The United Arab Emirates women's national cricket team represents the United Arab Emirates in international women's cricket and is organised by the Emirates Cricket Board (ECB).

History
Its international debut was at the 2007 ACC Women's Tournament in Malaysia. It lost all three of its matches, and on debut against Bangladesh were bowled out for nine runs, in a match which took one hour to complete. The squad was said to consist of "mothers and daughters", and the captain, Natasha Cherriath, was 12 years old. The team's coach was Smitha Harikrishna who played One Day International (ODI) cricket for India, and another ex-India player, Pramila Bhatt, was involved in a pre-tournament training camp.

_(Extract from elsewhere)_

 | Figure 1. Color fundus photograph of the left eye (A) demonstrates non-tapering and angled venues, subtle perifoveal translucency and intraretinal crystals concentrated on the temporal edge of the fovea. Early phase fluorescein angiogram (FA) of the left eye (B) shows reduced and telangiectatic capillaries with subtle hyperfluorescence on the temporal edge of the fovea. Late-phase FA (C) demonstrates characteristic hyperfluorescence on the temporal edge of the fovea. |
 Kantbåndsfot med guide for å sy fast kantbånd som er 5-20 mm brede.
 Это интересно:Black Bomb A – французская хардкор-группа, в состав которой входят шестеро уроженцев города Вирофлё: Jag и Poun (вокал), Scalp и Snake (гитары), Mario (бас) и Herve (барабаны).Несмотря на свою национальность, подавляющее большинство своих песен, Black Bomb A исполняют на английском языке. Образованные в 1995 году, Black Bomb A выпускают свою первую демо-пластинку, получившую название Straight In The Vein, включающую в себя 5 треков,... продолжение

At the 2009 ACC Women's Twenty20 Championship, UAE won its first international match, defeating Oman by 49 runs. The team also defeated Kuwait, placing fourth in its six-team group, and defeated Iran in a play-off to finish 7th overall (out of 12 teams). At the 2011 ACC Women's Twenty20 Championship, it placed 9th out of 10 teams and won two matches. At the 2013 ACC Women's Championship in Thailand, the team failed to win a single game, placing 10th out of 11 teams (above Kuwait). UAE won both editions of the Gulf Cricket Council (GCC) Women's Twenty20 Championship held in Oman in 2014 and in Qatar in 2015.

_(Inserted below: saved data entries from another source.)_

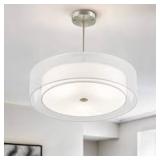 Fabric shade adds a modern farmhouse flair to your home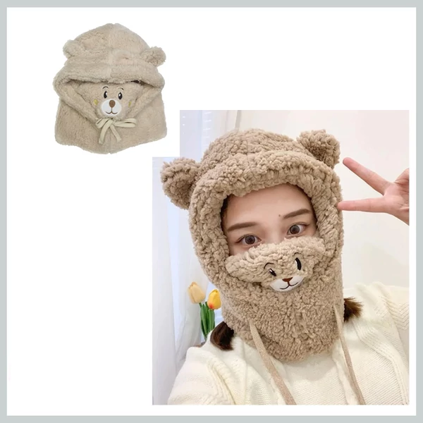 Plüss téli sapka mackófülekkel + nyakmelegítő CZ34WZ1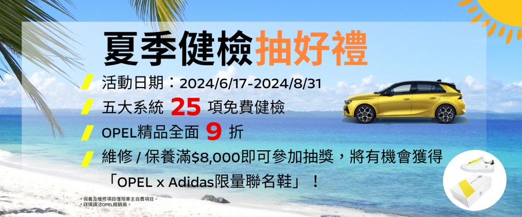 - OPEL夏季健檢服務將於6月17日至8月31日展開,預約回廠即享5大系統25項免費車輛健檢服務,且活動期間凡車主檢查、維修或是消費滿8,000元,就有機會獲得價值11,000元的「Opel x Adidas 全球限量聯名鞋」。活動期間也特別推出原廠精品全面9折優惠,數量有限,售完即止。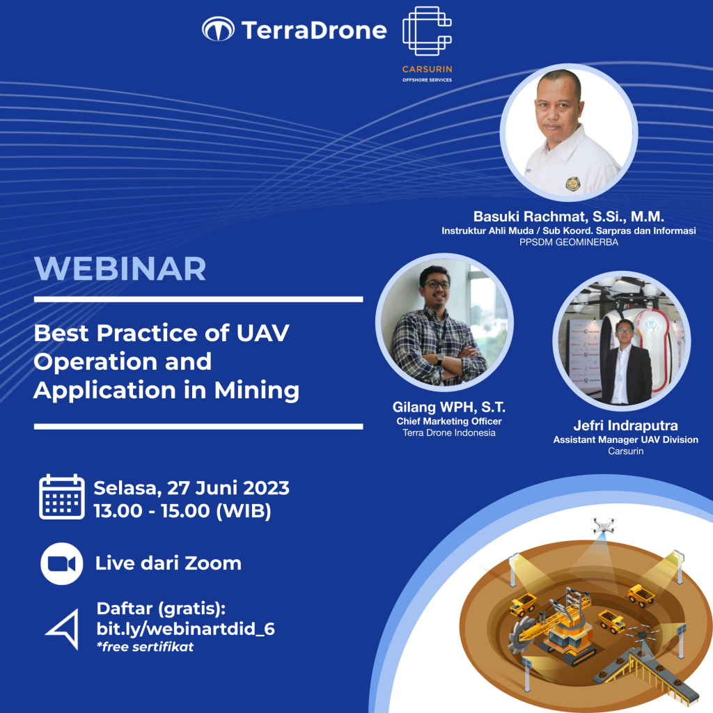 Ikuti webinar ini untuk membahas praktik-praktik standar, implementasi petunjuk teknis dari Dirjen Minerba, aplikasi serta perkembangan operasi UAV di industri pertambangan bersama narasumber: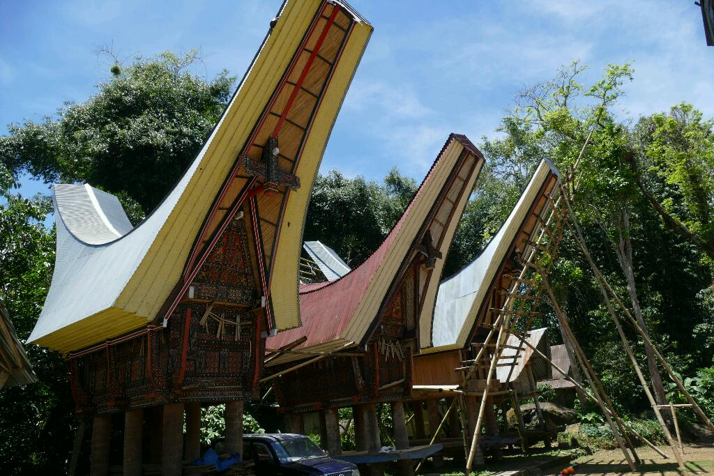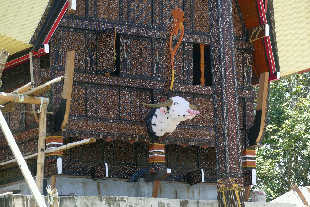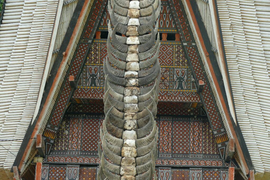 Les maisons des familles nobles sont ornées de têtes de buffles (une tête représente 15 animaux sacrifiés… certaines maisons en comptent jusqu’à une vingtaine par poteau !)

In June 2016, two teams from Australia's Women's Big Bash League (WBBL), the Sydney Sixers and the Sydney Thunder, toured UAE for a training camp. They played a Twenty20 exhibition match at the Sheikh Zayed Cricket Stadium in Dubai, and were joined by three UAE national team players (Natasha Michael, Chaya Mughal, and Esha Oza) who filled in for injured players.

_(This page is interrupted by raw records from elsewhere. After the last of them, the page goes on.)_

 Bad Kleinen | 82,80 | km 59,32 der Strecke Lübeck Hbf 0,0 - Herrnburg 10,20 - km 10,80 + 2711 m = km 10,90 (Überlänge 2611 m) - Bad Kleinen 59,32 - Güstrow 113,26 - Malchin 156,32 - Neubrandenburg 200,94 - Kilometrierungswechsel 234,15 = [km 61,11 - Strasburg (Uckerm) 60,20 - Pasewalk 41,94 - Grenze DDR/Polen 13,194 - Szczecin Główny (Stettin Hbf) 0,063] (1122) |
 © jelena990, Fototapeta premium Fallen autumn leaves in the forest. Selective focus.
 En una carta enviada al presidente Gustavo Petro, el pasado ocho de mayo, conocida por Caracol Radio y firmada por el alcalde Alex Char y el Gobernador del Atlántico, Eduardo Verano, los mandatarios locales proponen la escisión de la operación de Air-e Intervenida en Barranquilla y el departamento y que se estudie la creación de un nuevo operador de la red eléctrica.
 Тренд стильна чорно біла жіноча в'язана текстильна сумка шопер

In April 2018, ICC granted full Women's Twenty20 International (WT20I) status to all its members. Therefore, all Twenty20 matches played between United Arab Emirates and another international side after 1 July 2018 will be a full WT20I.

UAE was named in the 2021 ICC Women's T20 World Cup Asia Qualifier regional group alongside seven other teams.

Tournament history

Women's Asia Cup
 2022: 6th

ICC Women's T20 World Cup Qualifier
 2018: 7th (DNQ)
 2022: 7th (DNQ)

ICC Women's World Twenty20 Asia Qualifier
 2017: 2nd (Qualified)
 2019: 3rd (DNQ)
 2021: 1st (Qualified)

Records
International Match Summary
 
Last updated 9 October 2022

Twenty20 International 

Highest team total: 253/1 v. Bahrain on 26 March 2022 at Oman Cricket Academy Ground Turf 2, Muscat.
Highest individual innings: 158*, Esha Oza v. Bahrain on 26 March 2022 at Oman Cricket Academy Ground Turf 2, Muscat.
Best innings bowling: 5/3, Chamani Seneviratne v. Kuwait on 19 February 2019 at Asian Institute of Technology Ground, Bangkok.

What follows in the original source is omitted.